# Description of the task
Without including any image, retype the records word for word.

Stored dataset items:
::::

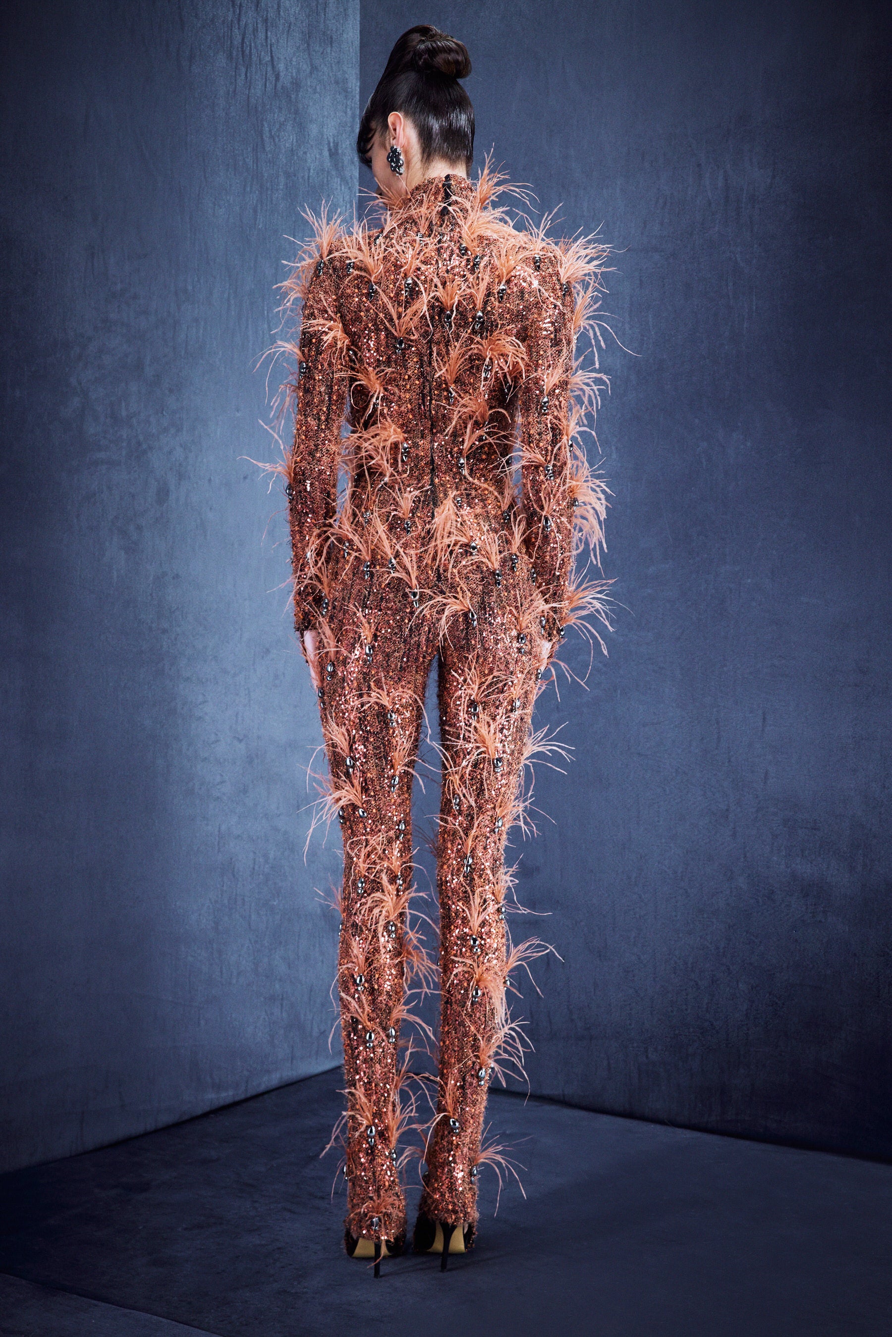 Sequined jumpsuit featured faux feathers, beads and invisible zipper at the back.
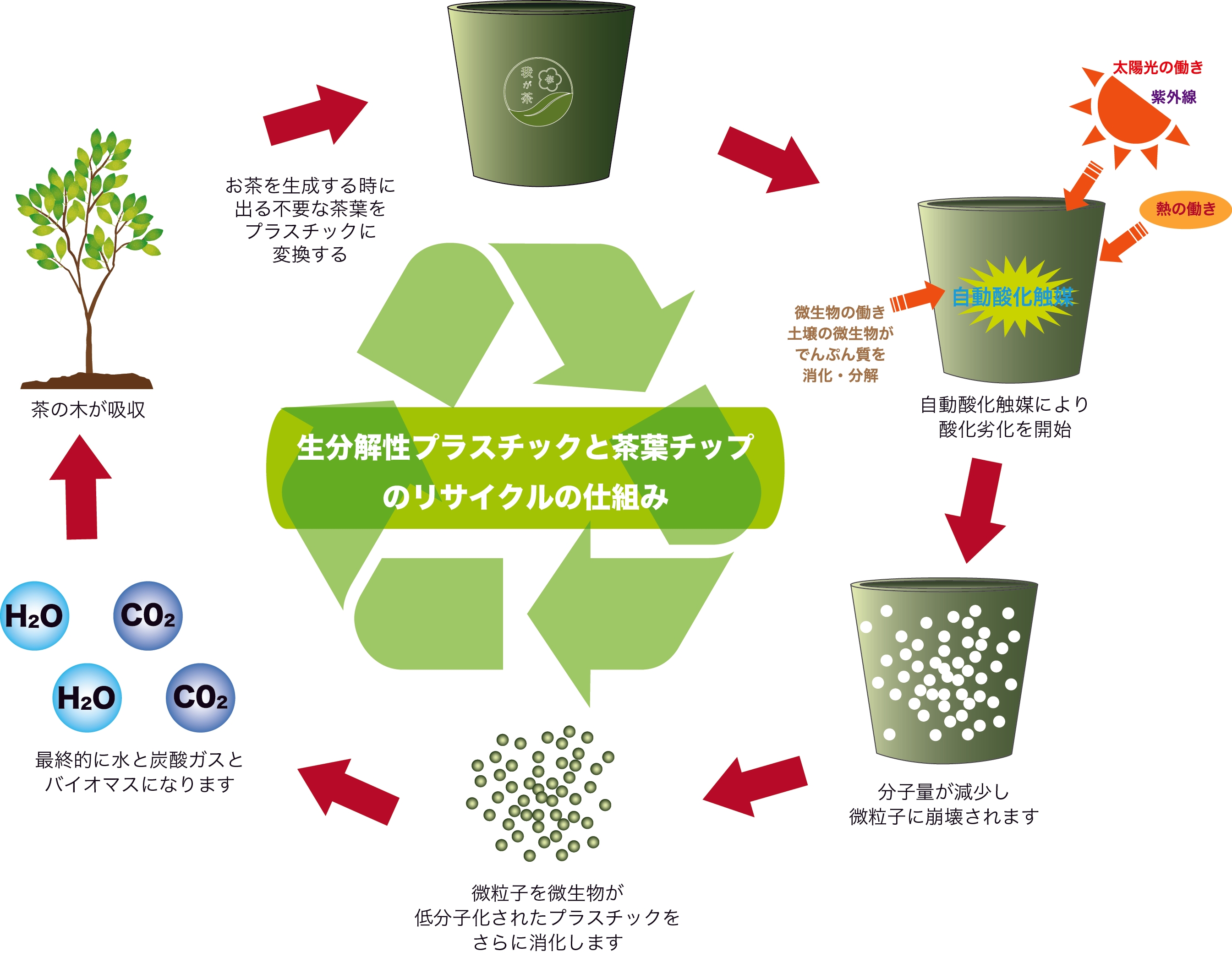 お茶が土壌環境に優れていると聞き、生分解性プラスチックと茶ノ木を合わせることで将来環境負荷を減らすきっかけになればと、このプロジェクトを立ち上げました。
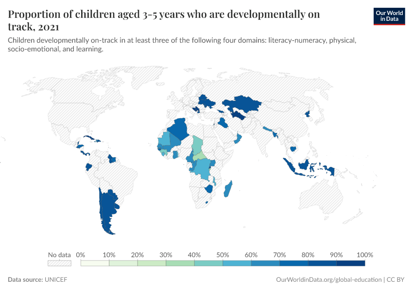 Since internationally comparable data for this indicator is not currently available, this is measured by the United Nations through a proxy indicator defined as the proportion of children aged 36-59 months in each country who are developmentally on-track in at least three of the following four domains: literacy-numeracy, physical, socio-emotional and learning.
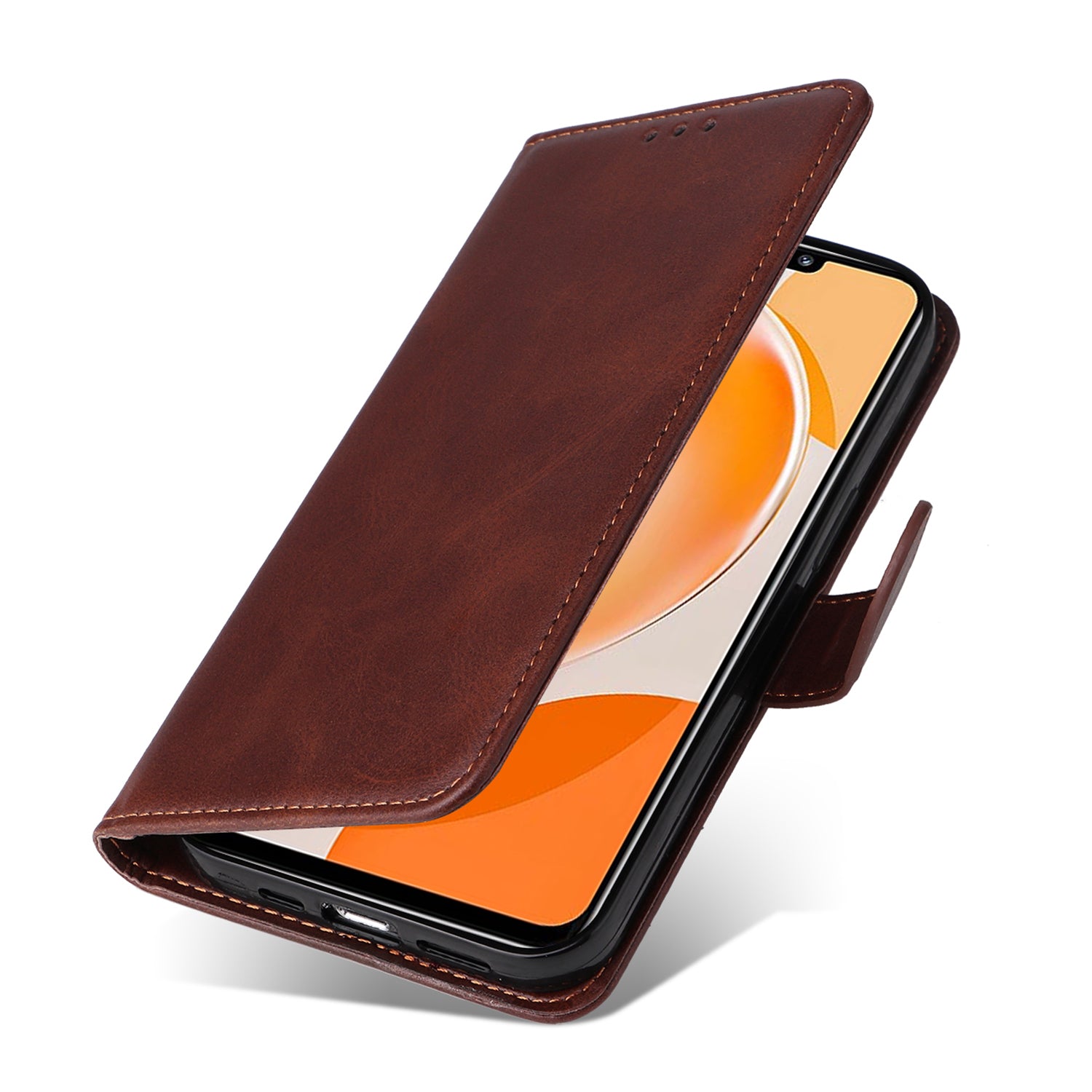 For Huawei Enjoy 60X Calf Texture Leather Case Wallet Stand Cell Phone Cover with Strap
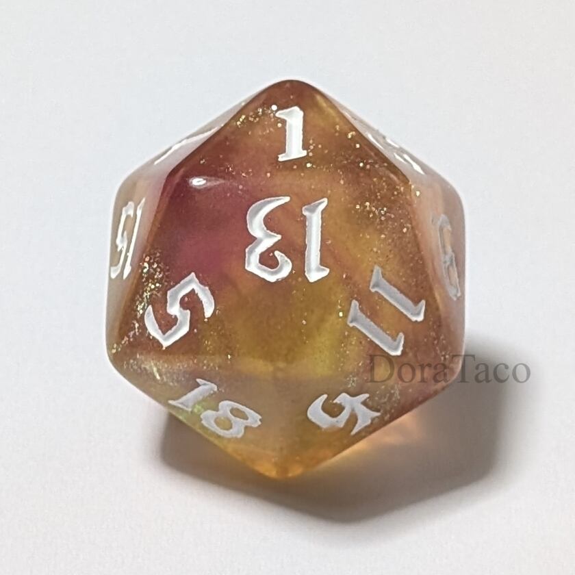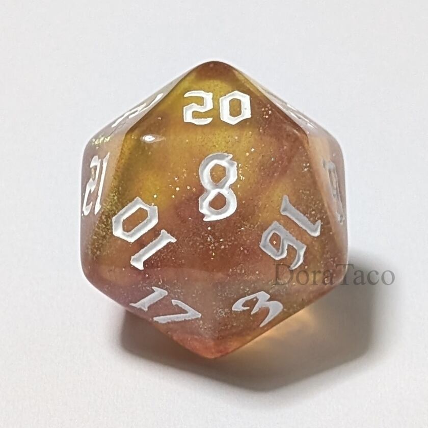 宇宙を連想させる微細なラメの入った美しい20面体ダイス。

::::

# Answer below
 Sequined jumpsuit featured faux feathers, beads and invisible zipper at the back.
 お茶が土壌環境に優れていると聞き、生分解性プラスチックと茶ノ木を合わせることで将来環境負荷を減らすきっかけになればと、このプロジェクトを立ち上げました。
 Since internationally comparable data for this indicator is not currently available, this is measured by the United Nations through a proxy indicator defined as the proportion of children aged 36-59 months in each country who are developmentally on-track in at least three of the following four domains: literacy-numeracy, physical, socio-emotional and learning.
 For Huawei Enjoy 60X Calf Texture Leather Case Wallet Stand Cell Phone Cover with Strap
 宇宙を連想させる微細なラメの入った美しい20面体ダイス。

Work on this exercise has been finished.